The review by Nogueira et al. makes clear that autoregulation research in stroke is still in its infancy however. 1 The available studies have a high heterogeneity in population and in methodology, and often have small sample sizes. Together, far too often this leads to inconclusive or even contradictory findings. How then should we move forward?
The small sample sizes may be overcome by retrospective, and prospective, pooling of data, with analyses of individual patient data. However, to do this, consistency in methodology and reporting is essential.
For this, the paper by Simpson et al. is essential reading, and should even be required reading for everyone thinking of performing an autoregulation study in stroke. 14 This paper clearly explains the concept of autoregulation, how it can be measured, and how measurements can be analyzed. This will aid in improving study design. 14
Harmonizing methodology and reporting of outcomes will be the next step to advance research. This is not easy when there is no accepted single gold standard method to measure autoregulation in the field. But we do not have to wait for this gold standard to be chosen or developed. In fact, several gold standards are already available. A gold standard has to be no more or no less than a universally applied method that allows comparison. It does not have to be perfect or beyond scrutiny, it just has to be applied according to the same standards in different settings. 15
For example, each new study on autoregulation in stroke could collect 10 min of supine baseline data, free of artefacts, with continuous beat-to-beat blood pressure, end-tidal CO2, and Transcranial Doppler blood velocity in the middle cerebral artery, and store these data for future exchange. This will make it possible to combine datasets from various studies, where data have been collected according to the same, strict protocol. In the next step, all these data can be analyzed with a rigorously applied single method. In this way, data from different centers and patient populations can be directly compared. This process can be repeated for several different methods. 16 As a next step, in addition to the supine, resting data, a universally accepted protocol to challenge autoregulation (e.g. to induce blood pressure changes, or PaCO2 changes) can be adopted in the same fashion.

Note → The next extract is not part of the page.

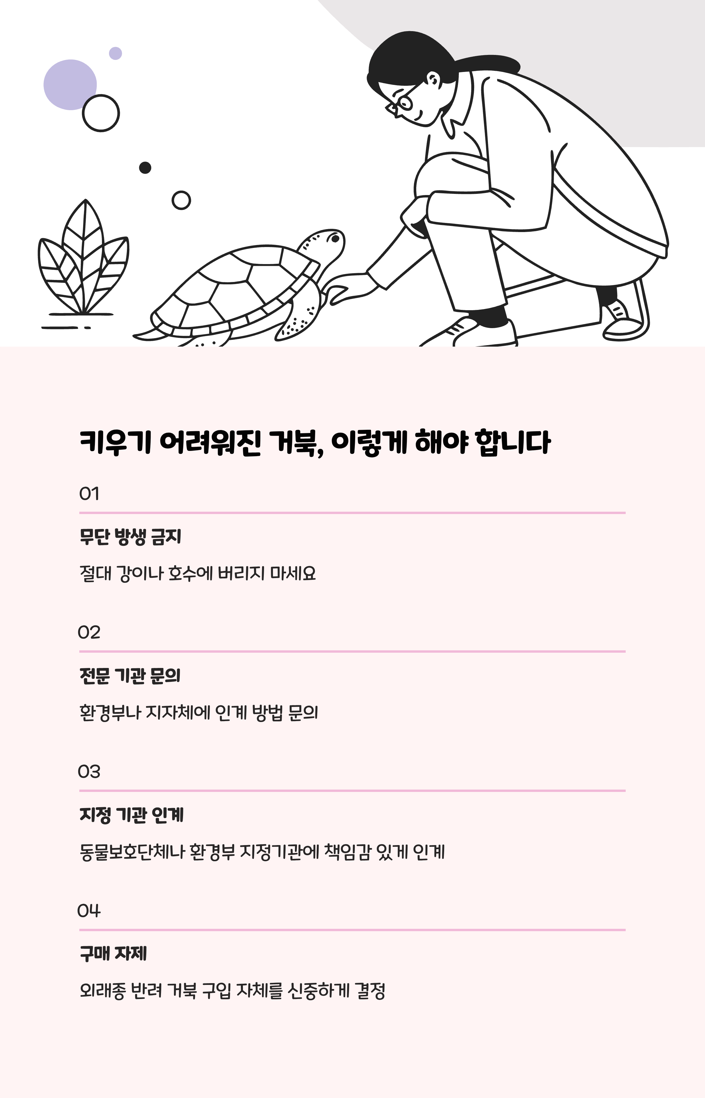 - 방생을 피하기 위해서는 크거나 더 이상 키우기 힘든 거북을 동물보호단체, 전문기관에 인계하는 등 책임 있는 조치가 필요합니다.

We have previously shown that a consensus paper outlining methodology and analysis can help to harmonize study protocols, and reporting of results in journals, 17 thus reducing heterogeneity. 18 Efforts are underway to update and expand this consensus paper. Hopefully, this will improve the quality of autoregulation research in stroke and translate to better quality of care.
Footnotes
Declaration of conflicting interests: The author(s) declared the following potential conflicts of interest with respect to the research, authorship, and/or publication of this article: Dr. Claassen is associate editor for JCBFM, and has served on the board of CARNet, the cerebral autoregulation research network.
Funding: The author(s) received no financial support for the research, authorship, and/or publication of this article.